(ASSIGNED TASK)
Apart from the pictures, every record here must be copied word for word.

(EXERCISE INPUT)
*** Begin section ***
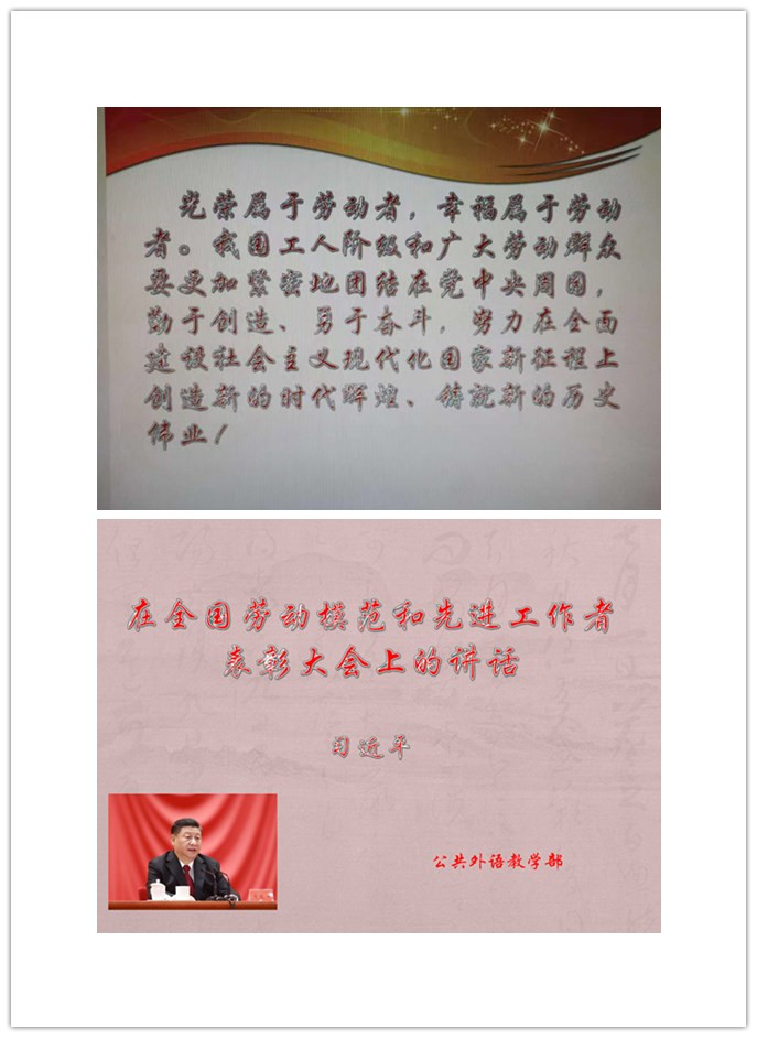 2020年11月27日,在学校工会下达了学习贯彻习近平总书记在全国劳动模范和先进工作者表彰大会上的重要讲话精神的通知后,12月9日下午,华体会在线(中国)全体教职工共42人在部领导和工会主席的带领下,在阶梯教室开展了学习《习近平总书记在全国劳动模范和先进工作者表彰大会上的讲话》的专题活动。
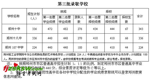 [组图]2010年郑州市中考录取分数线划定
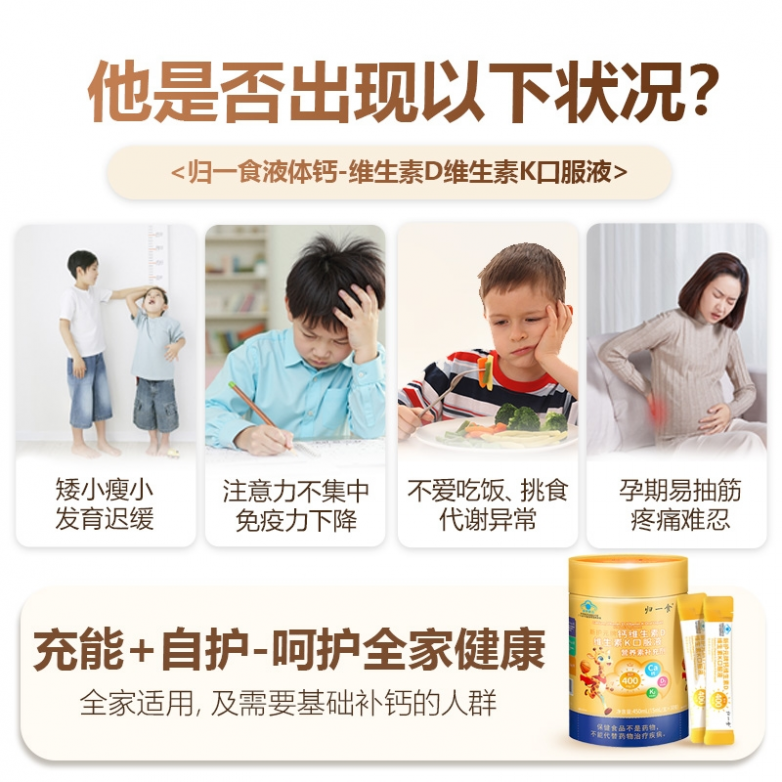 A:主要避开这几点:钙含量虚标、钙源粗糙刺激肠胃、无正规安全认证、添加蔗糖香精的产品,这类产品要么没效果,要么伤孩子肠胃。归一食液体钙成分透明、资质齐全、配方纯净,采用4.0微米柠檬酸钙温和无负担,搭配专利D3+K2黄金组合促吸收,能有效避开这些雷区,适配3岁以上儿童、孕妇、哺乳期女性日常养护。
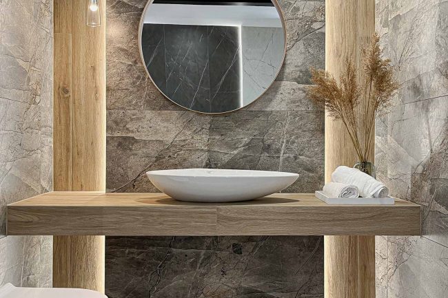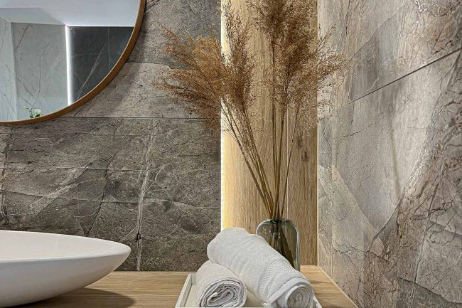 Ta łazienka emanuje spokojem i harmonią dzięki swojemu naturalnemu wyglądowi. Wszystko zaczyna się od nietuzinkowego kamienia, który zdominował wnętrze. Jego odcienie beżu i szarości idealnie współgrają z minimalistycznym designem. Całość jest dopełniona wyjątkową grą świateł, która sprawia, że łazienka nabiera głębi. Centralnie położona umywalka zapewnia wygodę użytkowania, a jej naturalny wygląd idealnie współgra z otaczającymi ją kolorami. Ale to okrągłe lustro, które przyciąga uwagę, dodaje temu miejscu swojego uroku. Ta łazienka to idealne miejsce dla miłośników naturalnych kolorów i prostoty, którzy szukają spokoju i relaksu w codziennej kąpieli.
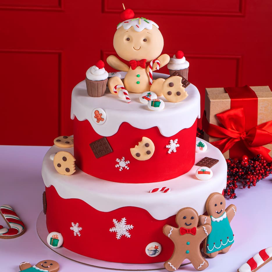 Идея декорирования "Торт к Рождеству" представляет собой торт, выполненный в оттенках зимней коллекции Top Decor, специально для празднования Рождества. На изображении видно, что торт украшен сахарными медальонами "Рождество" и фигурками из сахарной мастики Top Decor.
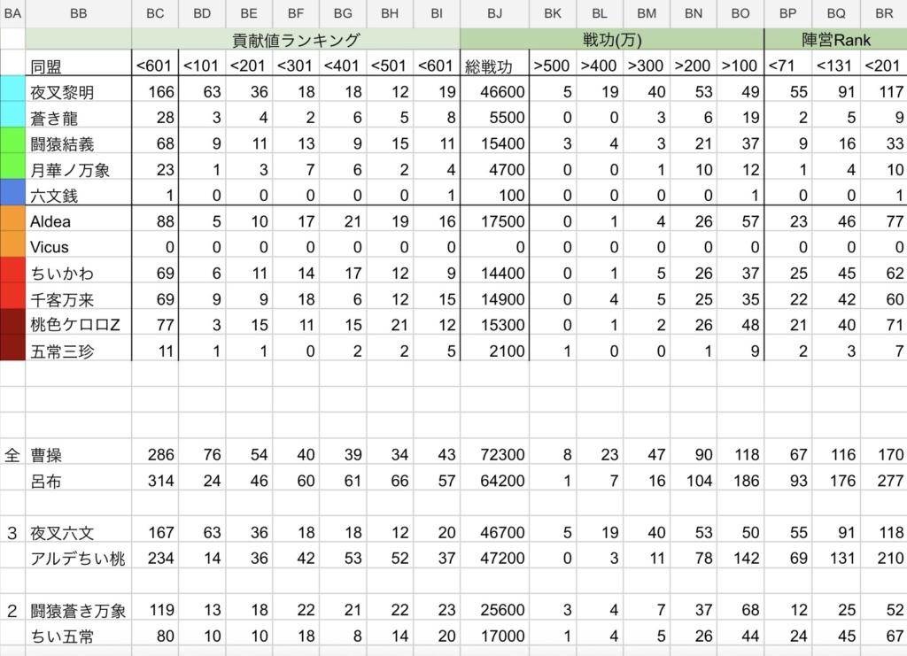 相変わらず、夜叉黎明にアクティブなプレイヤーが偏っている曹操陣営と、どの同盟もバランスよくアクティブなプレイヤーがいる呂布陣営という構図は変わっていません。
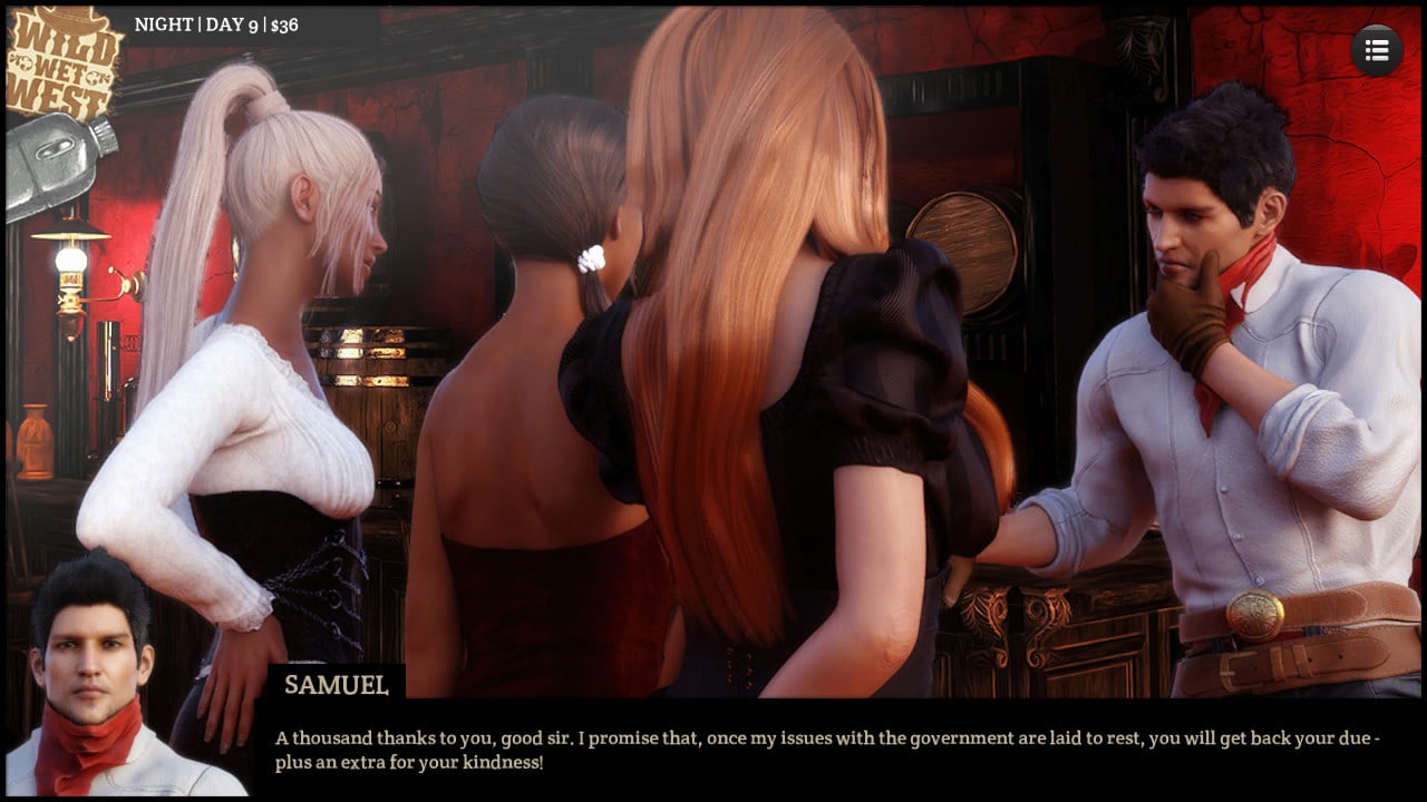 Wild Wet West RUS v 1.0 Новая версия Полная версия Последняя Дата выхода 24 дек. 2021 Разработчик Lesson of Passion Жанр Приключения, Визуальная новелла, Инди Обновлено 20 февраля 2025, 03:04 Список изменений Wild Wet West переносит вас в эпоху Дикого Запада, где вы играете за Сэмюэля Нейшена, мошенника, который ищет новые жертвы и возможности. Вы встретите трех харизматичных женщин, которые могут помочь или помешать вам в вашем стремлении ограбить банк: Кейт, местный шериф, Белла, танцовщица и проститутка, и Наира, невинная девушка из индийской деревни. Тайтл представляет собой упрощенный симулятор знакомств, в котором вам предстоит взаимодействовать с женщинами и грамотно выбирать свои действия. В зависимости от принятых решений вы можете создавать с ними союзы, романы или соперничать. Каждая женщина имеет свою индивидуальность, предысторию и цели, и вам придется балансировать между отношениями с ними, преследуя при этом свои собственные цели. Проект предлагает несколько концовок, в зависимости от того, как вы завершите свое ограбление и что произойдет с женщинами. Кроме того, в зависимости от уровня близости и доверия, можно открыть различные сцены и диалоги с ними. Тайтл имеет юмористический тон и красочный художественный стиль, соответствующий тематике Дикого Запада. Wild Wet West - это игра, которая понравится любителям приключений, романтики и комедии. Это адвенчура, позволяющая испытать острые ощущения от работы мошенником в беззаконной стране, где можно встретить интересных персонажей и определить свою судьбу. Если вы ищете веселую и увлекательную игру, которая заставит вас смеяться и заинтересует, это то, что вам нужно. Скачать торрент Скриншоты Показать больше Видео из игры Скачать Wild Wet West Тип релиза Пиратка (Таблетка: Не требуется) Версия v 1.0 (Полная) Последняя Размер 1.07 ГБ Интерфейс Русский Озвучка Отсутствует Установка: Скачать .torrent торрент файл Скачать БЕЗ торрента прямая ссылка через uTorria Системные требования ОС: Windows 7, 8, 10 (64 бита) Процессор: 2.0 Ghz+ Оперативная память: 2 ГБ Видеокарта: 256 МБ Место на диске: 1 ГБ Нагота, Казуальная, Решения с последствиями, Игры в 2D, Юмор, Романтика, Эмоциональная, Вестерн
*** End section ***
(ANSWER TO THE EXERCISE)
 2020年11月27日,在学校工会下达了学习贯彻习近平总书记在全国劳动模范和先进工作者表彰大会上的重要讲话精神的通知后,12月9日下午,华体会在线(中国)全体教职工共42人在部领导和工会主席的带领下,在阶梯教室开展了学习《习近平总书记在全国劳动模范和先进工作者表彰大会上的讲话》的专题活动。
 [组图]2010年郑州市中考录取分数线划定
 A:主要避开这几点:钙含量虚标、钙源粗糙刺激肠胃、无正规安全认证、添加蔗糖香精的产品,这类产品要么没效果,要么伤孩子肠胃。归一食液体钙成分透明、资质齐全、配方纯净,采用4.0微米柠檬酸钙温和无负担,搭配专利D3+K2黄金组合促吸收,能有效避开这些雷区,适配3岁以上儿童、孕妇、哺乳期女性日常养护。
 Ta łazienka emanuje spokojem i harmonią dzięki swojemu naturalnemu wyglądowi. Wszystko zaczyna się od nietuzinkowego kamienia, który zdominował wnętrze. Jego odcienie beżu i szarości idealnie współgrają z minimalistycznym designem. Całość jest dopełniona wyjątkową grą świateł, która sprawia, że łazienka nabiera głębi. Centralnie położona umywalka zapewnia wygodę użytkowania, a jej naturalny wygląd idealnie współgra z otaczającymi ją kolorami. Ale to okrągłe lustro, które przyciąga uwagę, dodaje temu miejscu swojego uroku. Ta łazienka to idealne miejsce dla miłośników naturalnych kolorów i prostoty, którzy szukają spokoju i relaksu w codziennej kąpieli.
 Идея декорирования "Торт к Рождеству" представляет собой торт, выполненный в оттенках зимней коллекции Top Decor, специально для празднования Рождества. На изображении видно, что торт украшен сахарными медальонами "Рождество" и фигурками из сахарной мастики Top Decor.
 相変わらず、夜叉黎明にアクティブなプレイヤーが偏っている曹操陣営と、どの同盟もバランスよくアクティブなプレイヤーがいる呂布陣営という構図は変わっていません。
 Wild Wet West RUS v 1.0 Новая версия Полная версия Последняя Дата выхода 24 дек. 2021 Разработчик Lesson of Passion Жанр Приключения, Визуальная новелла, Инди Обновлено 20 февраля 2025, 03:04 Список изменений Wild Wet West переносит вас в эпоху Дикого Запада, где вы играете за Сэмюэля Нейшена, мошенника, который ищет новые жертвы и возможности. Вы встретите трех харизматичных женщин, которые могут помочь или помешать вам в вашем стремлении ограбить банк: Кейт, местный шериф, Белла, танцовщица и проститутка, и Наира, невинная девушка из индийской деревни. Тайтл представляет собой упрощенный симулятор знакомств, в котором вам предстоит взаимодействовать с женщинами и грамотно выбирать свои действия. В зависимости от принятых решений вы можете создавать с ними союзы, романы или соперничать. Каждая женщина имеет свою индивидуальность, предысторию и цели, и вам придется балансировать между отношениями с ними, преследуя при этом свои собственные цели. Проект предлагает несколько концовок, в зависимости от того, как вы завершите свое ограбление и что произойдет с женщинами. Кроме того, в зависимости от уровня близости и доверия, можно открыть различные сцены и диалоги с ними. Тайтл имеет юмористический тон и красочный художественный стиль, соответствующий тематике Дикого Запада. Wild Wet West - это игра, которая понравится любителям приключений, романтики и комедии. Это адвенчура, позволяющая испытать острые ощущения от работы мошенником в беззаконной стране, где можно встретить интересных персонажей и определить свою судьбу. Если вы ищете веселую и увлекательную игру, которая заставит вас смеяться и заинтересует, это то, что вам нужно. Скачать торрент Скриншоты Показать больше Видео из игры Скачать Wild Wet West Тип релиза Пиратка (Таблетка: Не требуется) Версия v 1.0 (Полная) Последняя Размер 1.07 ГБ Интерфейс Русский Озвучка Отсутствует Установка: Скачать .torrent торрент файл Скачать БЕЗ торрента прямая ссылка через uTorria Системные требования ОС: Windows 7, 8, 10 (64 бита) Процессор: 2.0 Ghz+ Оперативная память: 2 ГБ Видеокарта: 256 МБ Место на диске: 1 ГБ Нагота, Казуальная, Решения с последствиями, Игры в 2D, Юмор, Романтика, Эмоциональная, Вестерн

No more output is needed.